:: Supplied material ::
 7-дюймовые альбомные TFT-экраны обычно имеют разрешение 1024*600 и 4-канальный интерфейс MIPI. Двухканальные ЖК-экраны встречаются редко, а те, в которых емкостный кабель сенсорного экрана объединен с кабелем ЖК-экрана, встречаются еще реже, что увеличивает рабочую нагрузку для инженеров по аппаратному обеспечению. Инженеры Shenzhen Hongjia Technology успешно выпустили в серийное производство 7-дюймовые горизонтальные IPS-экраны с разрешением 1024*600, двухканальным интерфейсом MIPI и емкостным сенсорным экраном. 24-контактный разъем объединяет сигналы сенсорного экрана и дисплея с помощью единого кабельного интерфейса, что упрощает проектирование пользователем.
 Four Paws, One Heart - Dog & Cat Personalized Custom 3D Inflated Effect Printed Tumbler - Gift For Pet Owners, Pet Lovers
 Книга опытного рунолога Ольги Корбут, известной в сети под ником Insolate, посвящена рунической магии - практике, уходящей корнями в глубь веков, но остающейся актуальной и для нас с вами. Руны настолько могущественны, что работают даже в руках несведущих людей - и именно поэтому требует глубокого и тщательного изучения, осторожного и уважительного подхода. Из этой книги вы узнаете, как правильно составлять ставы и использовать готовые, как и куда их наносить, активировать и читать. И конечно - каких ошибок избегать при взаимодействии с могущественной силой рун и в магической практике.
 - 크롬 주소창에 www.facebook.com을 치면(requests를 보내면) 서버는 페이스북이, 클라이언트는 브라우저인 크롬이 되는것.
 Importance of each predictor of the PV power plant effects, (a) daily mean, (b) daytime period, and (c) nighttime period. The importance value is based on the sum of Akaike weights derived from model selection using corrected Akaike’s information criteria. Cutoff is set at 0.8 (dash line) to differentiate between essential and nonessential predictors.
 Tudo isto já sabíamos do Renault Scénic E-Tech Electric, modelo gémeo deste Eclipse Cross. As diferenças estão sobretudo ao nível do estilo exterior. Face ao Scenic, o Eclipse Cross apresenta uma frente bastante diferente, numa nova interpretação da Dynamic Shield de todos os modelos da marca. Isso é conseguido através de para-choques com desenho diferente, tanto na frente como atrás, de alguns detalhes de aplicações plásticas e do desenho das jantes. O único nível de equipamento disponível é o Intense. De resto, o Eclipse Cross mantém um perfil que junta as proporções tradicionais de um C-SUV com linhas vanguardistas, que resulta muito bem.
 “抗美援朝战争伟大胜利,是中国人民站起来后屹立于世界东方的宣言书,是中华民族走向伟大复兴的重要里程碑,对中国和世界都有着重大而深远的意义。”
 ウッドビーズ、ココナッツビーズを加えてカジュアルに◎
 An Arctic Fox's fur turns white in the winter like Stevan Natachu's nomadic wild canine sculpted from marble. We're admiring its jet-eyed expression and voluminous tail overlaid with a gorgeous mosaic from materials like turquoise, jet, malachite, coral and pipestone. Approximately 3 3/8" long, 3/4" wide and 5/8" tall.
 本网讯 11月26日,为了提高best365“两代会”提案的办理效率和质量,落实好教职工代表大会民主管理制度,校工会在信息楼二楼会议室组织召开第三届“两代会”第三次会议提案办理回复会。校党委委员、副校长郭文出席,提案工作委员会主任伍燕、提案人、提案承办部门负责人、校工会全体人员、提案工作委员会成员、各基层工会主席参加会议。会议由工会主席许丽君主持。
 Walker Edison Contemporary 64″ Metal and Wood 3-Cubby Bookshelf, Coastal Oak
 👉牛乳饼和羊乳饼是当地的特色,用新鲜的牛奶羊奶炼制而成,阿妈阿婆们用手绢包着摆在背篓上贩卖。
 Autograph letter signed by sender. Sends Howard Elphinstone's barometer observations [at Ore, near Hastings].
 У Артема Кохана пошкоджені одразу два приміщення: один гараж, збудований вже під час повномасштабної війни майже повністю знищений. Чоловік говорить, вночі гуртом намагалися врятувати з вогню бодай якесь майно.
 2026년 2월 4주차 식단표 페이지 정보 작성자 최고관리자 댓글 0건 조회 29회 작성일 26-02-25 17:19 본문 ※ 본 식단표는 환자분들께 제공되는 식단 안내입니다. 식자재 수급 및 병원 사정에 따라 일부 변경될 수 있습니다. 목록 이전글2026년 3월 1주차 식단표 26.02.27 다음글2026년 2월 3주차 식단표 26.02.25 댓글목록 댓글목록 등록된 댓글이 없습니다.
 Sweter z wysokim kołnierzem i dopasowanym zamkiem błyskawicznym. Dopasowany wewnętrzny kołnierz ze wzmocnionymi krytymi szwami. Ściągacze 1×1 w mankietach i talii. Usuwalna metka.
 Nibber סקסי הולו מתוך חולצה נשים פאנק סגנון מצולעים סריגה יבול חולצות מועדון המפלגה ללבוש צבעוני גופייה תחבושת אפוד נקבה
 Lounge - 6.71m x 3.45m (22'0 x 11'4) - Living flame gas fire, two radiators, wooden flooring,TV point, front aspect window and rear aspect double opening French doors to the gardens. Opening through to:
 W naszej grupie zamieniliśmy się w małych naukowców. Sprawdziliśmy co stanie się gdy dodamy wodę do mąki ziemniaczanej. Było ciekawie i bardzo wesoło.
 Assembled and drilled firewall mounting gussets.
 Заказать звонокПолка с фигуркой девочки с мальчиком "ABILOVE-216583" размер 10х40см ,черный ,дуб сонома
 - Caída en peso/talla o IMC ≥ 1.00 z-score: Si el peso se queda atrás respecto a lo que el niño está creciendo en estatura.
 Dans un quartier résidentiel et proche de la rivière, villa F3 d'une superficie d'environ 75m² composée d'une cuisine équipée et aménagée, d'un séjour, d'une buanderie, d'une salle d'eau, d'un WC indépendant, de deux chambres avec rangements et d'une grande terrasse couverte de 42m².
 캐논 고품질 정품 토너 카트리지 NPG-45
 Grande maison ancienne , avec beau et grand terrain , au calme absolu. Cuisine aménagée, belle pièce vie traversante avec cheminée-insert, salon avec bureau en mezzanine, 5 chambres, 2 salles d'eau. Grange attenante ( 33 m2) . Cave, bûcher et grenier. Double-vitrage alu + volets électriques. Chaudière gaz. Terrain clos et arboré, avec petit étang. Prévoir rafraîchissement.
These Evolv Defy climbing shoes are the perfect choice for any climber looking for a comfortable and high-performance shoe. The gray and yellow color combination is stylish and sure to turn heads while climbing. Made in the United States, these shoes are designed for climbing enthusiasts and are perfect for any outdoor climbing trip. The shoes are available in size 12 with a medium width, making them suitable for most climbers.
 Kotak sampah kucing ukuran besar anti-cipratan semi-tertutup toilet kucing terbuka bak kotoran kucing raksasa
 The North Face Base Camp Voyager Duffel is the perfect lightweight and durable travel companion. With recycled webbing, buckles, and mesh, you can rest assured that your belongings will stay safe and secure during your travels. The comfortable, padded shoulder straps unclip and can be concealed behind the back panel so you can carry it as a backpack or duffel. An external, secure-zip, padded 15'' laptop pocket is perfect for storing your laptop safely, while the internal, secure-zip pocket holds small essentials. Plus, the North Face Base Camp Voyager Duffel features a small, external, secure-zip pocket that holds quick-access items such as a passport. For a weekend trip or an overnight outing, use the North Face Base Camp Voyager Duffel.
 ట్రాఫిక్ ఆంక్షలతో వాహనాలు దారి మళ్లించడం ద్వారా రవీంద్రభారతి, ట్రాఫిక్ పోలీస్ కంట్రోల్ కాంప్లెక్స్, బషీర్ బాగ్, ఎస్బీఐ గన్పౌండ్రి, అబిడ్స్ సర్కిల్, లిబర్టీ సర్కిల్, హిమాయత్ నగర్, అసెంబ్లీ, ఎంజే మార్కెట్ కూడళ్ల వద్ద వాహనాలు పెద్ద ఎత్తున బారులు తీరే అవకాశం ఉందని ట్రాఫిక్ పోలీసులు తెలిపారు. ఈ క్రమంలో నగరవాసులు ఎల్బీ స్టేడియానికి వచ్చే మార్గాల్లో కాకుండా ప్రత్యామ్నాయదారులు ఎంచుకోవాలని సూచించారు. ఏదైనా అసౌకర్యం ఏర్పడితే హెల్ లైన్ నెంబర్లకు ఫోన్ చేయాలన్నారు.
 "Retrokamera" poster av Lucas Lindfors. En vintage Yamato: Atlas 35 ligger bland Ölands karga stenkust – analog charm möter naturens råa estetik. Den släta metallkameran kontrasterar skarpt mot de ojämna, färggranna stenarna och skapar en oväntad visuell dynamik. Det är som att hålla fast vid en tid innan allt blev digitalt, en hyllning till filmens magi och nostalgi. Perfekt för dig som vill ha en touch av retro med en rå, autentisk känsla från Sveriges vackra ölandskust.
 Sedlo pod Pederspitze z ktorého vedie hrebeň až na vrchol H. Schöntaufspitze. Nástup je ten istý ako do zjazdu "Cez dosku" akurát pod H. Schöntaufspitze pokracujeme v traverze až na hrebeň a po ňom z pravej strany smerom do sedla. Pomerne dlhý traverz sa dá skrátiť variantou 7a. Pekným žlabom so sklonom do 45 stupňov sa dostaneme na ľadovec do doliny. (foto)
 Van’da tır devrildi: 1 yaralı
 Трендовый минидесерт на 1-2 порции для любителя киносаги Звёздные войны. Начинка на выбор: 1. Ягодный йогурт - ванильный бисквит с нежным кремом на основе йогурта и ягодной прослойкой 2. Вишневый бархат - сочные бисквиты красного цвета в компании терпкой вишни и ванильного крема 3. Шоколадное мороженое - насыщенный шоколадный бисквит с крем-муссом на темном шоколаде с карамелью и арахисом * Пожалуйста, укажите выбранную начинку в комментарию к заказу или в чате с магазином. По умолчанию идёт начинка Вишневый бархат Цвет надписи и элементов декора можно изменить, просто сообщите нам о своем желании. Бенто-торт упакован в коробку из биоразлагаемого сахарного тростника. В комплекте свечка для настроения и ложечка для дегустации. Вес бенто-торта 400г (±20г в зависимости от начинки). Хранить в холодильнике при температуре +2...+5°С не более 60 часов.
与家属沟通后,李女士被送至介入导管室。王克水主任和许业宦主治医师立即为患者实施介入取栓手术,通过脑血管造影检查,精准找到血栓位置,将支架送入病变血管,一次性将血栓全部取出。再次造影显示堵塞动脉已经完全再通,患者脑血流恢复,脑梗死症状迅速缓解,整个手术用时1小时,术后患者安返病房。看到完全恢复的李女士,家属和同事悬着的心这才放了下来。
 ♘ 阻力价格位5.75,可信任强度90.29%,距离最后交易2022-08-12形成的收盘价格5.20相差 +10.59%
:::
* What the task requires
Write down how many lines of the data above contain the word "while", with nothing else.

* Solution below
2